(Data extracted from a collection)
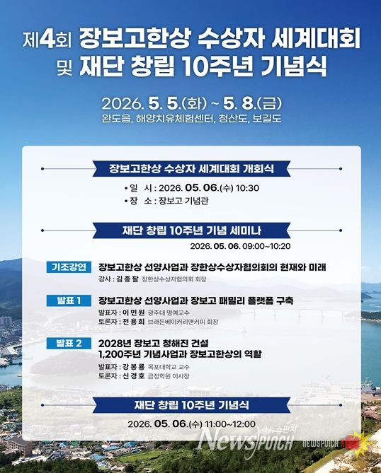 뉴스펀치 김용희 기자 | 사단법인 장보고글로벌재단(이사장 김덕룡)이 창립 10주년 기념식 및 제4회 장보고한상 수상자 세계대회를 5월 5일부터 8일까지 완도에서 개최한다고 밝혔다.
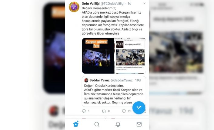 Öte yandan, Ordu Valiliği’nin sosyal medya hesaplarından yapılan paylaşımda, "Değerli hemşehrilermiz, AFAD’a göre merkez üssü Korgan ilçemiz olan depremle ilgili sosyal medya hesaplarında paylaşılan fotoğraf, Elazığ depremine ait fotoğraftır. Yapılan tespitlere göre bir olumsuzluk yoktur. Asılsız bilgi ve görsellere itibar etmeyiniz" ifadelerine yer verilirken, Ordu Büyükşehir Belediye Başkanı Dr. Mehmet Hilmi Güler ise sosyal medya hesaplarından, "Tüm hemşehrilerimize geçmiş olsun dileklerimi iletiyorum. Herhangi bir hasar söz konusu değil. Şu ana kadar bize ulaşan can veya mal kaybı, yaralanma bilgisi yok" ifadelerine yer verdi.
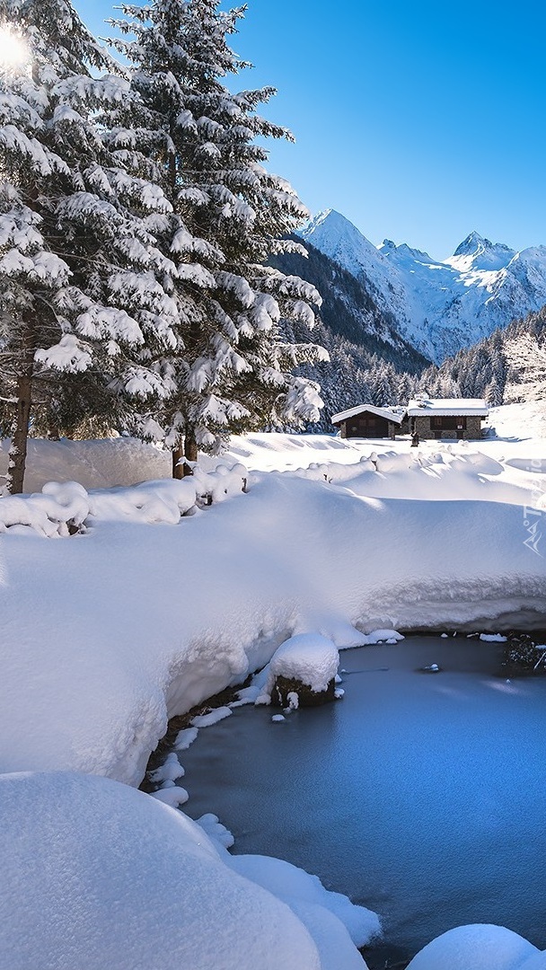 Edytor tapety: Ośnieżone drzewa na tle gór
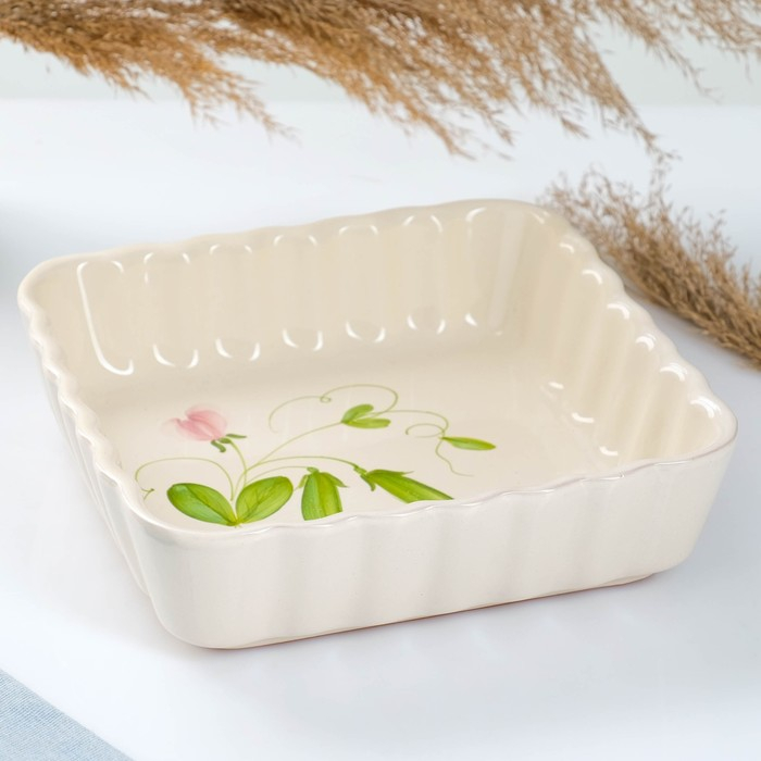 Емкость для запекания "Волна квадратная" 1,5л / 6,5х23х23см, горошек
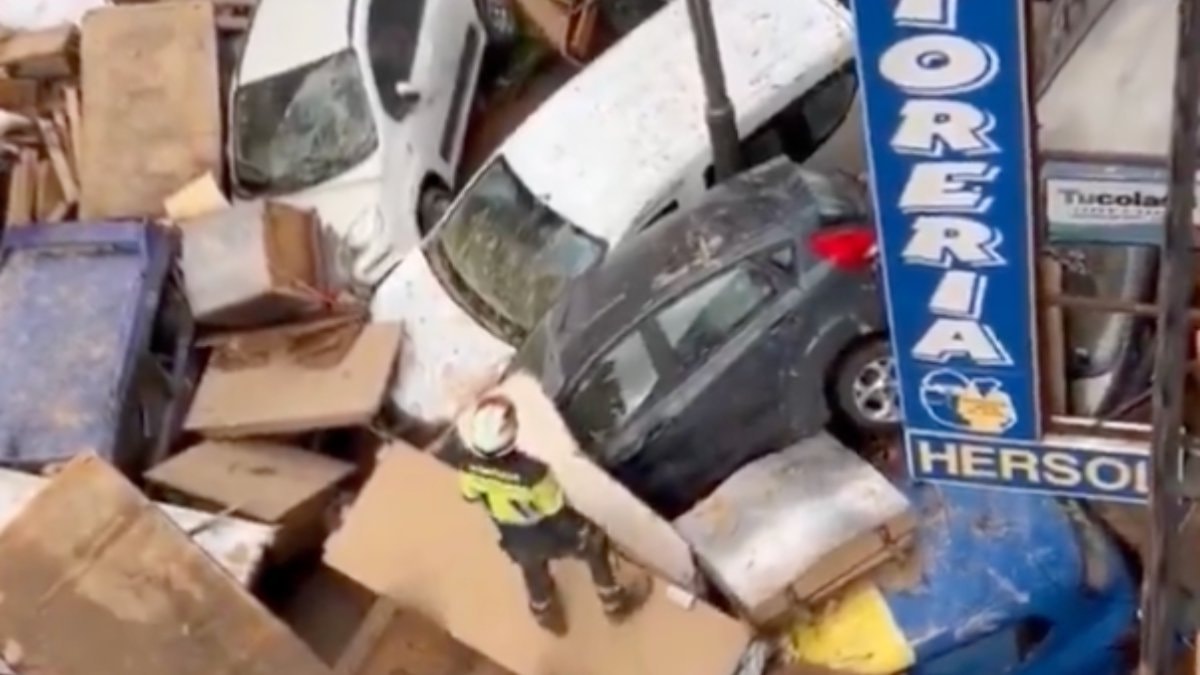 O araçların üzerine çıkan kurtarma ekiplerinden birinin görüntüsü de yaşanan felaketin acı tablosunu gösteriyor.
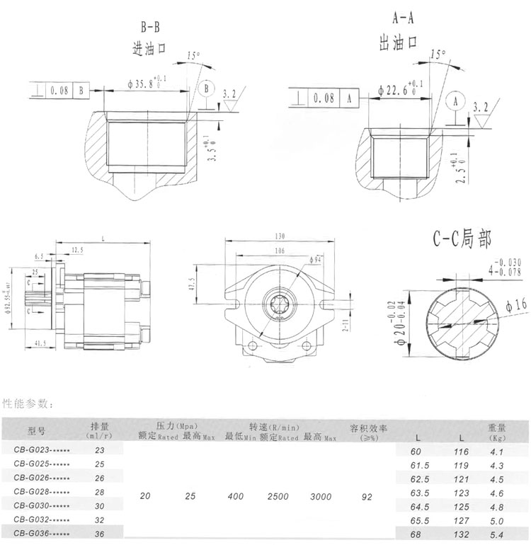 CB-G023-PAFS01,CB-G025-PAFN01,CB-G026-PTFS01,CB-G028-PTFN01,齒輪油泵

● **Aim of the task**:
I would like you to set down the lines above, from the one containing "Емкость для запекания" to the final line, exactly as written and without pictures.

● **Exercise result**:
 Емкость для запекания "Волна квадратная" 1,5л / 6,5х23х23см, горошек
 O araçların üzerine çıkan kurtarma ekiplerinden birinin görüntüsü de yaşanan felaketin acı tablosunu gösteriyor.
 CB-G023-PAFS01,CB-G025-PAFN01,CB-G026-PTFS01,CB-G028-PTFN01,齒輪油泵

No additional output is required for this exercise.